How is child methylmalonic acidemia caused?

summary

Methylmalonic acidemia in children, also known as methylmalonic aciduria, is an autosomal recessive inheritance. The main clinical manifestations are early onset, severe intermittent ketoacidosis, increased methylmalonic acid in blood and urine, and often accompanied by central nervous system symptoms. How is child methylmalonic acidemia caused? Next, I'd like to share my views with you.

How is child methylmalonic acidemia caused?

The disease is autosomal recessive. L-methylmalonic acid could not be converted into Succinic Acid and accumulated in the blood due to the deficiency of methylmalonyl coenzyme A mutase (vitamin B12 non reactive type) or coenzyme cobaltic ammonium adenosine (vitamin B12 reactive type).

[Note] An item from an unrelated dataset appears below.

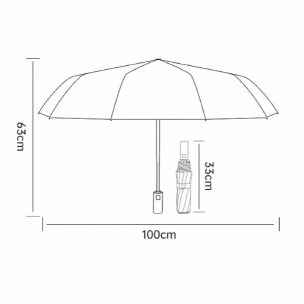 Dayanıklı metal gövdesi ve rüzgâr direncine sahip kumaş yapısı, uzun ömürlü kullanım imkânı tanır. Şemsiye açıldığında 100 cm genişlik, kapandığında ise 33 cm uzunluk ölçüsüne sahiptir; bu sayede hem bireysel hem de çift kullanım için uygundur. Özel tasarım kılıfı sayesinde kullanımdan sonra kolayca saklanabilir.
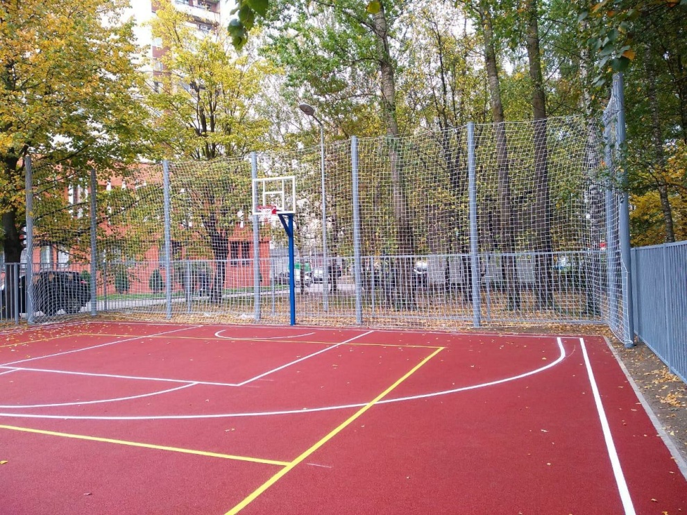 Согласно проекту на спортивной площадке установлены баскетбольные антивандальные стойки, универсальная стойка для игры в волейбол и бадминтон с плавной регулировкой высоты сетки.

Hereditary methylmalonic acidemia with homocystinuria, with defects of cblC, CBLD and CBLF. The clinical manifestations of patients with cblC deficiency vary greatly, but most of them are neurological symptoms. The symptoms of early-onset cases appeared at 2 months after birth, which were dysplasia, feeding difficulty or sleepiness.

Late onset cases may have symptoms at the age of 4-14 years, including fatigue, delirium, tonic spasm, dementia, myelopathy, etc. Most cases have hematological abnormalities, such as megaloblastic anemia, megaloblastic anemia, polymorphonuclear leukopenia and thrombocytopenia. Serum concentrations of cobalamin and folic acid were normal.

matters needing attention

Most of the inherited metabolic diseases have no effective treatment, so prevention is more important. Prenatal diagnosis of inherited metabolic diseases is one of the effective measures to prevent the occurrence of genetic diseases. It is the practical application of human genetic knowledge and an important measure of eugenics.